# Plots



## punktech (Nov 21, 2006)

So...i'm doing my SM class final project (major grr/ pain in teh arse) and i was wondering how do all you stage managers on here organize your plots (prop, costume, lighting, and sound plots specifically)??? our texts showed two ways but i don't really like either and i know that there have to be more ways out there. i really want to find one that works for me so your help with this will both benefit my grades and my progress as an SM  thank you! :-D


----------



## Footer (Nov 21, 2006)

punktech said:


> So...i'm doing my SM class final project (major grr/ pain in teh arse) and i was wondering how do all you stage managers on here organize your plots (prop, costume, lighting, and sound plots specifically)??? our texts showed two ways but i don't really like either and i know that there have to be more ways out there. i really want to find one that works for me so your help with this will both benefit my grades and my progress as an SM  thank you! :-D



Fold them up, punch some holes in them, and put them in your binder. I can see why you would need a ground plan, piece lists, and who what where sheets, by why oh why are they requireing you to keep a light plot and a sound plot?


----------



## punktech (Nov 21, 2006)

hmm, apparently not everyone does it the way that our prof is teaching us...i'll clarify what i mean by plot: a listing of the various elements needed for the production. a prop plot lists all the props, and the costume one all of the costumes,and the sound and light ones list all the obvious sound and light cues (ie "_the light of the fire slowly faded_" -or- "_a cow mooed in the distance_") the way i had it explained to me is that it's a way to have something to talk about in your initial meeting with the director and designers, and in subsequent production meetings. i have the actual lists (i now thoughtly hate the play i'm using, i've read it so many times) but i'm not sure what would be a good, clear way to organize them. i want something that i like and that makes sense to me


----------



## Sylak (Nov 21, 2006)

Well, here, for productions we use notes in teh scripts, except for a mic plot with is a spreadsheet (Name, Aotor, Scene1, Scene 2, etc) 

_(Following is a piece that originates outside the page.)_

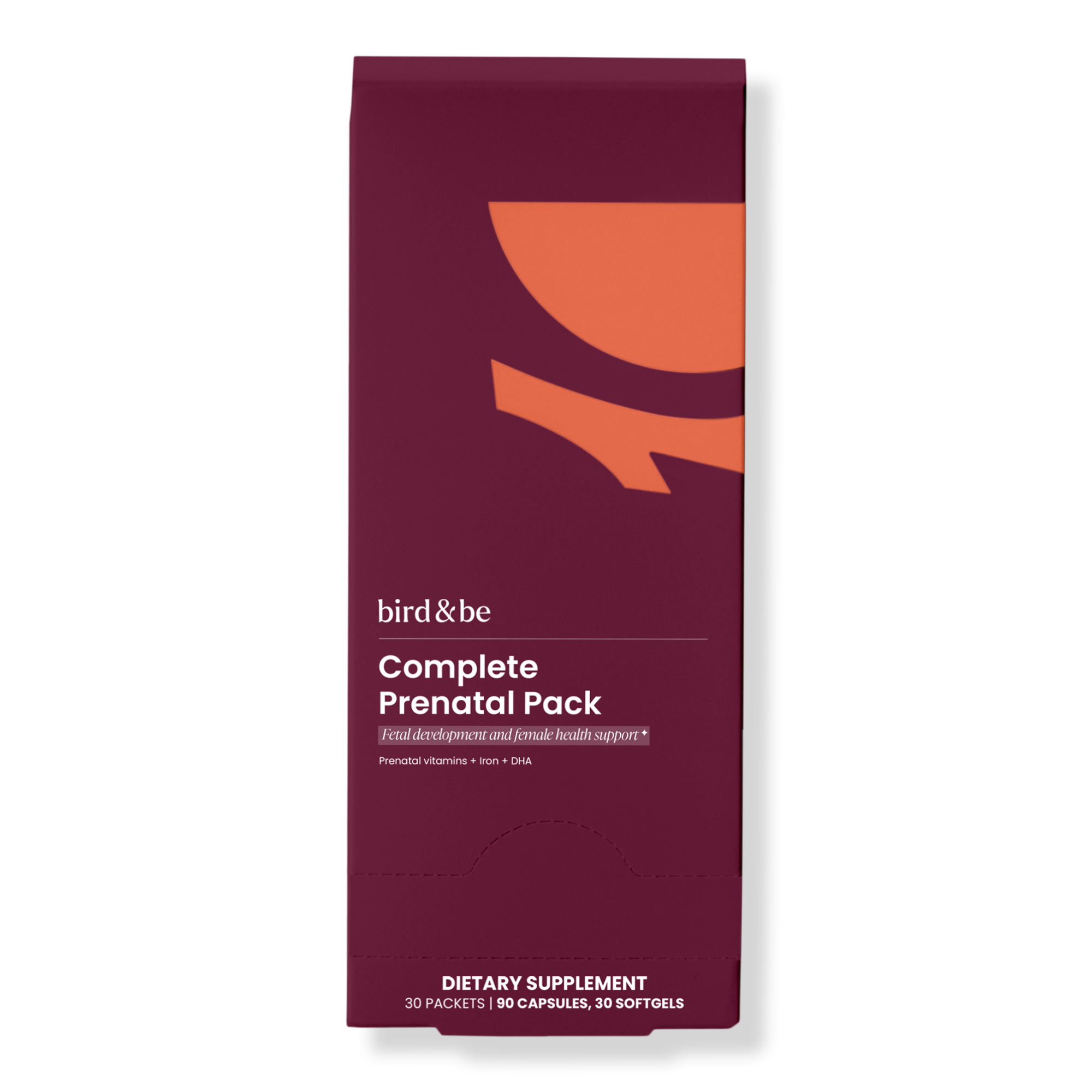 Bird&Be's Complete Prenatal Pack delivers clinical doses of 24 nutrients—including choline, iron, DHA, folic acid, and 5-MTHF—to support brain, spine, and overall fetal development with bioavailable, vegan ingredients and no unnecessary fillers.

For the dance recitles and talent show, its done in a spreadsheet which lists everything at once, the first column in the position adn the other columns are the scenes/acts

is this what you mean?


----------



## Footer (Nov 21, 2006)

punktech said:


> i want something that i like and that makes sense to me



You have your answer. My rule with paperwork is simply that. Its the reason I have about 40 different lightwright layout for whatever I am doing at the time.


----------



## Sylak (Nov 21, 2006)

Here's another thing we have, and i find very usefull especiall blind-patching for concerts between shows. We have a Dimmer Map in AutoCAD that indicated where each dimmer outlet is, so you have an idea of where teh light should be/is aimed. I find this a great orginizational tool (especially when its laminated and you can write in dry-erase on it to indicate if you have an extention cord runnig to a weird place or not)


----------



## punktech (Nov 26, 2006)

sylak, that is an AWESOME idea, laminating your light plots and sections...now to convince the higher ups we need a laminating machine ;-)


----------